Question

Find the co - ordinates of the point P which divides the line segment joining A (8 , 9) and B (-7 , 4) internally in the ratio 2 : 3.

Answer 1

$\Large{\bf{\red{\mathfrak{\dag{\underline{\underline{Given:-}}}}}}}$

• A (8,9) and B (- 7,4) are divided internally in the ratio 2:3.

$\Large{\bf{\orange{\mathfrak{\dag{\underline{\underline{To \: Find:-}}}}}}}$

• Co - ordinates of point P (x, y).

$\Large{\bf{\purple{\mathfrak{\dag{\underline{\underline{Solution:-}}}}}}}$

• A (8,9) and B (- 7,4) are divided internally in the ratio 2:3.

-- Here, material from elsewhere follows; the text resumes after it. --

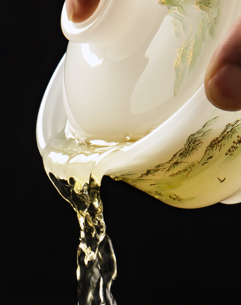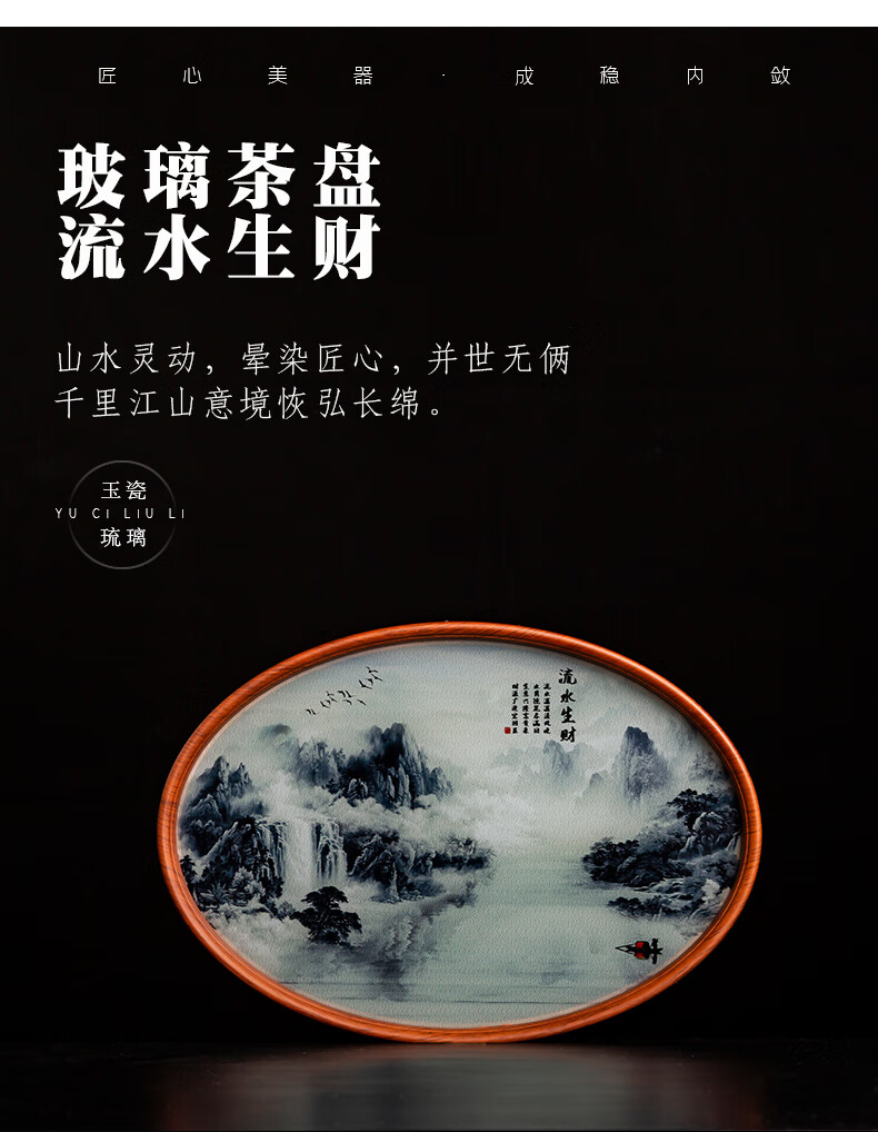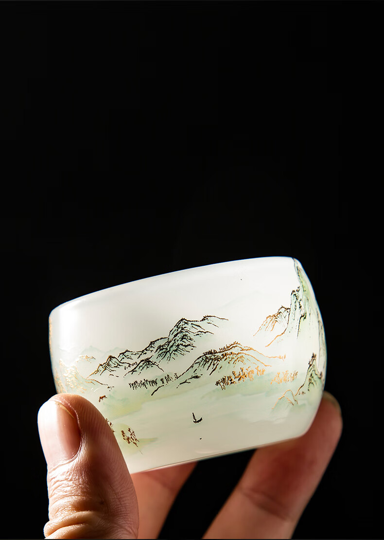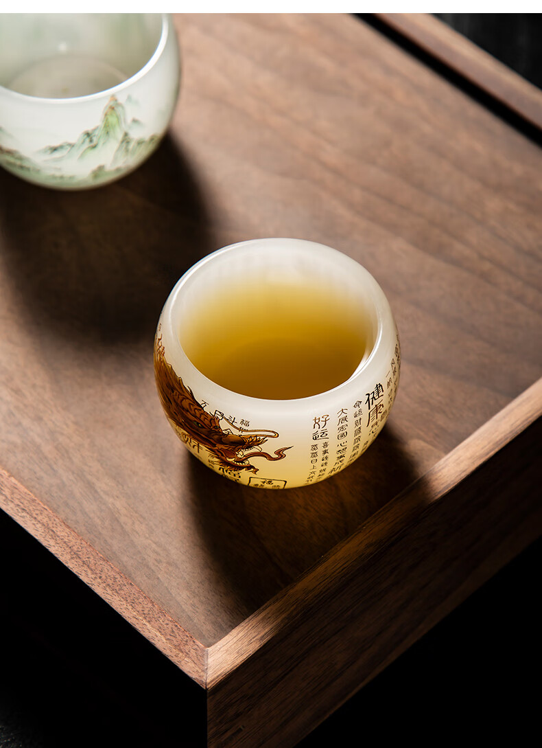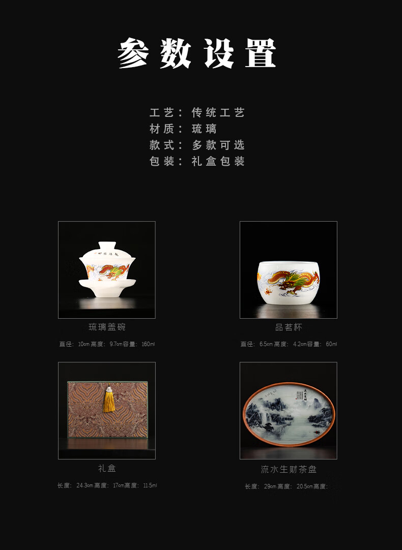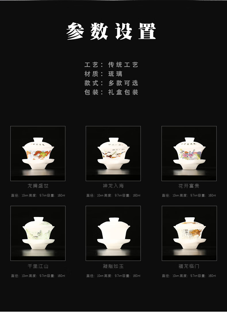 Gude Kiln Glazed Jade Porcelain Tea Set for Home Tea Making One Person Kung Fu Tea Set Covered Bowl Teacup Three-piece Set with Tea Tray Glazed Thousand Miles + Covered Bowl + 2 Zen Meditation Cups + Gift Box

• Co - ordinates of point P (x, y) =

• We know that,

$\boxed{\pink{\sf Section \: Formula \: = \: \dfrac{m_{1}x_{2} \: + \: m_{2}x_{1}}{m_{1} \: + \: m_{2}} \: , \: \dfrac{m_{1}y_{2} \: + \: m_{2}y_{1}}{m_{1} \: + \: m_{2}}}}$

• From, A (8,9) and B (- 7,4)

• Here,

• $\sf x_{1} \: = \: 8$

• $\sf x_{2} \: = \: - \: 7$

• $\sf y_{1} \: = \: 9$

• $\sf y_{2} \: = \: 4$

• $\sf m_{1} : m_{2} \: = \: 2 : 3$

• Substituting the values,

$\sf P(x,y) \: = \: \dfrac{2 \: * \: - \: 7 \: + \: 3 \: * \: 8}{2 \: + \: 3} \: , \: \dfrac{2 \: * \: 4 \: + \: 3 \: * \: 9}{2 \: + \: 3}$

$\sf P(x,y) \: = \: \dfrac{ - \: 14 \: + \: 24}{5} \: , \: \dfrac{8 \: + \: 27}{5}$

$\sf P(x,y) \: = \: \dfrac{10}{5} \: , \: \dfrac{35}{5}$

$\sf P(x,y) \: = \: \dfrac{\cancel{10}}{\cancel{5}} \: , \: \dfrac{\cancel{35}}{\cancel{5}}$

$\sf P(x,y) \: = \: \dfrac{2}{1} \: , \: \dfrac{7}{1}$

$\sf P(x,y) \: = \: 2 \: , \: 7$

Therefore,

• $\underline{\boxed{\blue{\textsf{Co - ordintes of P (x, y) = P (2, 7).}}}}$

$\Large{\bf{\red{\mathfrak{\dag{\underline{\underline{Formulas \: Used:-}}}}}}}$

$\sf Section \: Formula \: = \: \dfrac{m_{1}x_{2} \: + \: m_{2}x_{1}}{m_{1} \: + \: m_{2}} \: , \: \dfrac{m_{1}y_{2} \: + \: m_{2}y_{1}}{m_{1} \: + \: m_{2}}$

Answer 2

Answer:

Given :-

A(8,9)

B(-7,4)

Ratio = 2:3

To Find :-

Co-ordinate of point P

Solution :-

By using the section formula

$\dag{\boxed{\red{\mathfrak{\dfrac{m_1x_2 + m_2x_1}{m_1 + m_2},\dfrac{m_1y_2 + m_2y_1}{m_1 + m_2}}}}}$

We have

$\begin{cases} \sf x_1 = 8 \\ \sf \: x_2 = - 7 \\ \sf \: y_1 = 9 \\ \sf \: y_2 = 4 \\ \sf m_1 = 2 \\ \sf \: m_2 = 3\end{cases}$

By putting the value

$\sf \pink{\dfrac{2 \times - 7 + 3 \times 8}{2 + 3}, \dfrac{2 \times 4 + 3 \times 9}{2 + 3}}$

$\sf \blue{ \dfrac{ - 14 + 24}{2 + 3} , \dfrac{8 + 27}{2 + 3}}$

$\sf \red { \dfrac{10}{2 + 3} , \dfrac{35}{2 + 3}}$

$\sf \pink{ \dfrac{10}{5} , \dfrac{35}{5} }$

$\sf \red{ (2,7)}$